The Truth About News Sources

Over 50% of people have learned about breaking news via social media rather than official news sources.
46% of people get their news online at least 3x a week.
As of 2012, online news revenue has surpassed print newspaper revenue.

Where do People Get Their News Overall?

59.5% TV News
28.8% Newspapers
27.8% Social Media
18.8% Radio News
9.5% Other
6% Other Print Publications

With social media accounting for over a quarter of all sources, Facebook leads the way with almost 60% of all news sources, followed by Twitter, (20%)YouTube (12.7%) and Google+ (11.6%). Since 2009 traffic to news sites from social media has increased 57% and 9% of adults who get news on a digital device use Facebook or Twitter to get that news very often.

The same source notes that major news events have broken via social media in the last several years: the Egyptian uprising via Facebook, Hudson River plane crash via Twitter; announcement of the royal wedding via Twitter; protesters killed in Bahrain via YouTube; Whitney Houston’s death via Twitter; Osama bin Laden raid and death via Twitter.  Again, if this study were duplicated today, I’m sure there would be many additions to this list, such as the Boston Marathon bombings, among others.

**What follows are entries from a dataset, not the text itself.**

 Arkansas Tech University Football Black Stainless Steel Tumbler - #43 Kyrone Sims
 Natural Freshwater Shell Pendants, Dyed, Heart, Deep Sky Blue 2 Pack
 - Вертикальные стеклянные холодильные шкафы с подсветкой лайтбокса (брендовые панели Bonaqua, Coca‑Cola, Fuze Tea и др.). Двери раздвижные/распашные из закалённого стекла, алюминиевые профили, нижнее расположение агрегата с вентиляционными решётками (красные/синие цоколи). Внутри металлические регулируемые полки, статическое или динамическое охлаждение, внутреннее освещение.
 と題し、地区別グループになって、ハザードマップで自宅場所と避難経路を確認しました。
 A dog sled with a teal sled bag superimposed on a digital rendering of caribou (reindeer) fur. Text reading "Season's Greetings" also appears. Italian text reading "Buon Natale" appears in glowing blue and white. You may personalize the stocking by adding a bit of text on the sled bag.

The fifth annual Oxford University Reuters Institute for the Study of Journalism survey results show that the most favored sources of news for people are the media least likely to provide in-depth information.  Most notably, the survey highlight the growth of news accessed via social media sites like Facebook, Twitter, Instagram, and Snapchat.

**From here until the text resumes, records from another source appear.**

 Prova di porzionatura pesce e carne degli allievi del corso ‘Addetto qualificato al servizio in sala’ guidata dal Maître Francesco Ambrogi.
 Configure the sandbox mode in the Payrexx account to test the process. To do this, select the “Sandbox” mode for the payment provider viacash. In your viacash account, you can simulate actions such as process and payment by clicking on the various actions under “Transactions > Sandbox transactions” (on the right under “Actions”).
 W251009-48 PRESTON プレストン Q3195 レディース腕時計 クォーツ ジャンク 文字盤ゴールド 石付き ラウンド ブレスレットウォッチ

But the survey also pointed out that “traditional” news brands are still enormously important.

It’s hard to know how far – or how fast – the shift to distributed media will go, but this feels like the beginning of a new phase of media disruption. News organisations will need to keep adapting to the changes ahead – whilst recognising that journalistic track record, trust, and brand equity will remain necessary if not sufficient ingredients of success.

Demographic Differences?

Another survey by the Reynolds Journalism Institute found that about 67 percent of residents in small U.S. communities read local newspapers between one to seven days a week. Four out of ten residents (42%) selected “newspaper” and “newspaper’s website” as their primary source of information; 47% preferred to use “newspaper” and “newspaper’s website” for the information.

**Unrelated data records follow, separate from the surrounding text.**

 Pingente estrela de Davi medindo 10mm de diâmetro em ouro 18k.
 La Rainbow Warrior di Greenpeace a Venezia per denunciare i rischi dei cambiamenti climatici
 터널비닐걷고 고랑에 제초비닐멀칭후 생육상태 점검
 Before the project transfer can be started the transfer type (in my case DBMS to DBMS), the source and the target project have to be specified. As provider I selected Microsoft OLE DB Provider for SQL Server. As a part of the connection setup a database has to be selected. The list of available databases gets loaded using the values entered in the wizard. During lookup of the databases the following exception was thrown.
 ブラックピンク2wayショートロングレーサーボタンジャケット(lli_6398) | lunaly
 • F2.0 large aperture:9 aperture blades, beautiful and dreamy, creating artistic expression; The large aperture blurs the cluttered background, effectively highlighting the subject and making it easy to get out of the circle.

Almost all readers (94%) agreed that the newspapers were informative; 80% said they and their families looked forward to reading the newspapers; 78% relied on the newspapers for local news and information; and 72% said the newspapers entertained them.

What Does it All Mean?

One major implication of this new form of journalism is that there are very few “neutral parties” anymore.  An inherent conflict of interest in journalism through BSM is that every post must be conceived of in a manner that will coerce a loyal following.  Blogger Libby Allen explains this phenomenon well:

For example, if a new restaurant is opening in Santorini, consumers need to think about the best way to generate publicity and engage with the desired target audience. Will the restaurant and destination secure maximum exposure if a journalist from a regional newspaper reviews the destination and the feature appears in print in a seaside town in Cornwall? Or will there be a far bigger outreach if a top blogger such as Zoella reviews the destination, accompanied by images or videos, opinions and tips? With a dedicated following of over 16 million across her social channels, Zoella is likely to generate better exposure and brand recognition, showcasing the strength and growing importance of social influencers and bloggers. Yes, using such a prolific blogger incurs a cost, but if you want maximum exposure, you need to make the investment. That being said, there are plenty of impressive social influencers out there that don’t ask for payment, yet still ensure you achieve maximum impact.

In sum, the data is clear: more people get their news from BSM sources than ever before, more people are turning to BSM sources as now their only source of news, but print is not dead and likely never will be, though you could argue that BSM is now a more effective means for disseminating information.  Libby Allen says “I wouldn’t argue that the day of the traditional journalist is over (nor will it ever be), but the day of the social media influencer is very much here,” and I couldn’t agree more.